Vanessa, às vezes, sentia remorso de não querer conviver muito com seu pai e não querer ele ficar cuidando muito da sua vida. Mas só ela sabe de tudo que conquistou e que ainda vai conquistar com sua mania de ser resolvida, sua mente sempre focava em seu objetivo e seu objetivo era ser uma mulher independente. Lembrava no tempo que era mais "jovenzinha" que era tímida, que havia uma timidez de não falar com ninguém porque seu pai era super protetor, quase colocou uma redoma de vidro em sua volta. E, no entanto, hoje, quando vê o quanto cresceu longe do seu pai, tinha certeza que não queria ele controlando seus passos e suas certezas de uma vitória sua, mas tinha que parar com seus pensamentos porque tinha que trabalhar. Esperando o computador ligar, lembrou do seu primeiro beijo de verdade com Vlad, porque houve sim no passado alguns beijos roubados, alguns "selinhos", mas beijo apaixonado só o dele. O que sentia por Vlad, transcendia qualquer pensamento metafisico que construíram ao longo de milênios de religião e de tentativas de uma verdadeira espiritualidade. Uma mente vazia que só focasse no agora, era melhor do que uma mente que escravizasse o ser humano do seu objetivo que puseram ao longo de séculos, sem pensar não somos nada. Mas se pensarmos muito, também não podemos focar o que queremos e não vamos unos alienar? O agora que é importante, ela, o computador, aquele objetivo de terminar o site, uma mente serena, o amor em seu coração, era sua verdadeira meta. Será que sua verdadeira meta era seu amor por Vladimir? Não sabia responder.

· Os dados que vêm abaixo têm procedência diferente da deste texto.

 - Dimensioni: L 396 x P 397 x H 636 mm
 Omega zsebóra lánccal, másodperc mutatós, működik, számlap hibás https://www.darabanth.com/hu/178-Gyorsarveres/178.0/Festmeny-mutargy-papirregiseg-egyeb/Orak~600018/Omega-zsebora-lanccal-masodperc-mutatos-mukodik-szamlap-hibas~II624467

"Oi meu amor, hoje senti saudade de você nesse frio apartamento, meus pais não vêm para cá, meu pai está doente, vem aqui ficar comigo. Beijos da sua deusa dos cabelos de fogo".

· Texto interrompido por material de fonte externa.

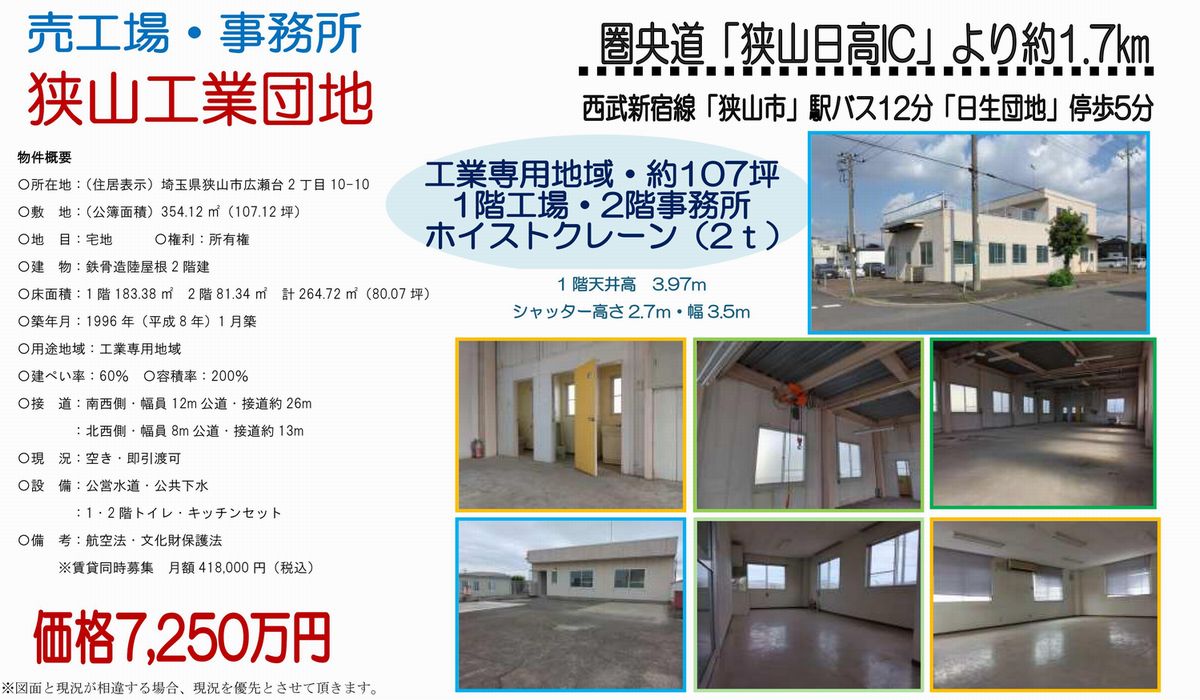 埼玉県内の貸し倉庫・貸し工場の情報満載(トップ) > 埼玉のエリアで探す > 狭山市 > 狭山市 > 狭山市広瀬台2-10-10 狭山市 売工場
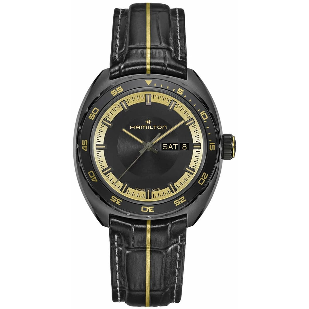 In der packenden Welt von Resident Evil Requiem ist die Hamilton Pan Europ die verlässliche Begleiterin der brillanten Analystin Grace Ashcroft. Diese exklusive Special Edition spiegelt die Intelligenz und die analytische Schärfe ihres Charakters perfekt wider. Das markante Design überzeugt durch ein schwarzes PVD-beschichtetes Gehäuse und ein Zifferblatt, das durch goldene Akzente eine kraftvolle Eleganz ausstrahlt.
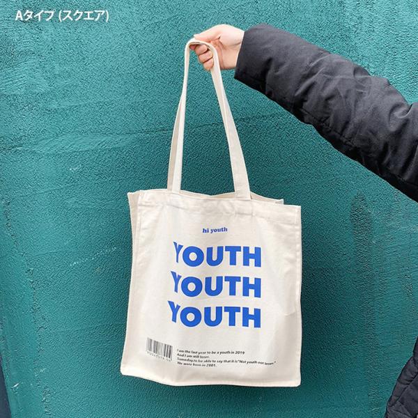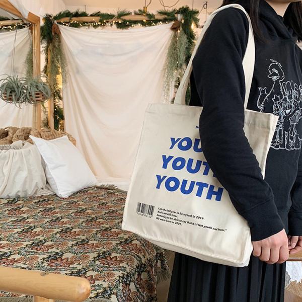 『選べる2タイプ』 キャンバストート YOUTHロゴ レディース バッグ トートバッグ 大きめ a4 肩掛け 手提げ 縦型 縦長 横 軽い かわいい おしゃれ マチ付き サブバッグ エコバッグ 通勤 通学 学生 高校生 大学生 習い事 塾 ライブ コンサート 遠征 現場 参戦 団扇が入る うちわ ジャンボうちわ アイドル 推し活 推し ペンライト ファンクラブ

Enviou para Vlad começou a trabalhar no site que tinha que entregar naquela semana, pois estava até atrasado, embora Vanessa tenha rapidez, ela sabia que tinha que correr com aquilo. O que ela não sabia e se soubesse não iria aceitar, que na verdade o rapaz que contrata ela para fazer site é colega do seu pai e aquele dinheiro que ele paga por pagina, é na verdade, dinheiro que seu pai colocava em sua conta no nome desse colega. Tudo que tinha, as coisas que comprava, tudo isso na verdade, era seu pai que mandava dinheiro para ela comprar. Afinal, num mundo tão preconceituoso como o nosso, que crianças com síndrome de down são abordadas em alguns países, que pessoas cadeirantes não tinham o que fazer e nem como trafegar nas ruas, iriam confiar em contratar uma pessoa com deficiência para fazer míseros sites? O mundo pode ter evoluído em tecnologia, pois o mundo tecnológico deu um salto significativo dentro da humanidade, mas nenhum salto foi dado dentro da moral e da ética. Todos os tipos de pessoas com seus vícios, traumas, maldades, malicias, usam essa mesma tecnologia como arma para conseguir fazer o que tanto desejam. O ser humano não é um ser ético, não mesmo, principalmente quando se trata dos seus desejos que lhe dão um falso "eu", uma máscara que usamos para sermos aceitos na sociedade. As sociedades humanas são muito mais cruéis do que qualquer matilha de lobos, porque sempre o homem vai ser o lobo do próprio homem, em vícios, em impor no outro o que mais deseja, mas muitas vezes, o que deseja não é seu próprio desejo.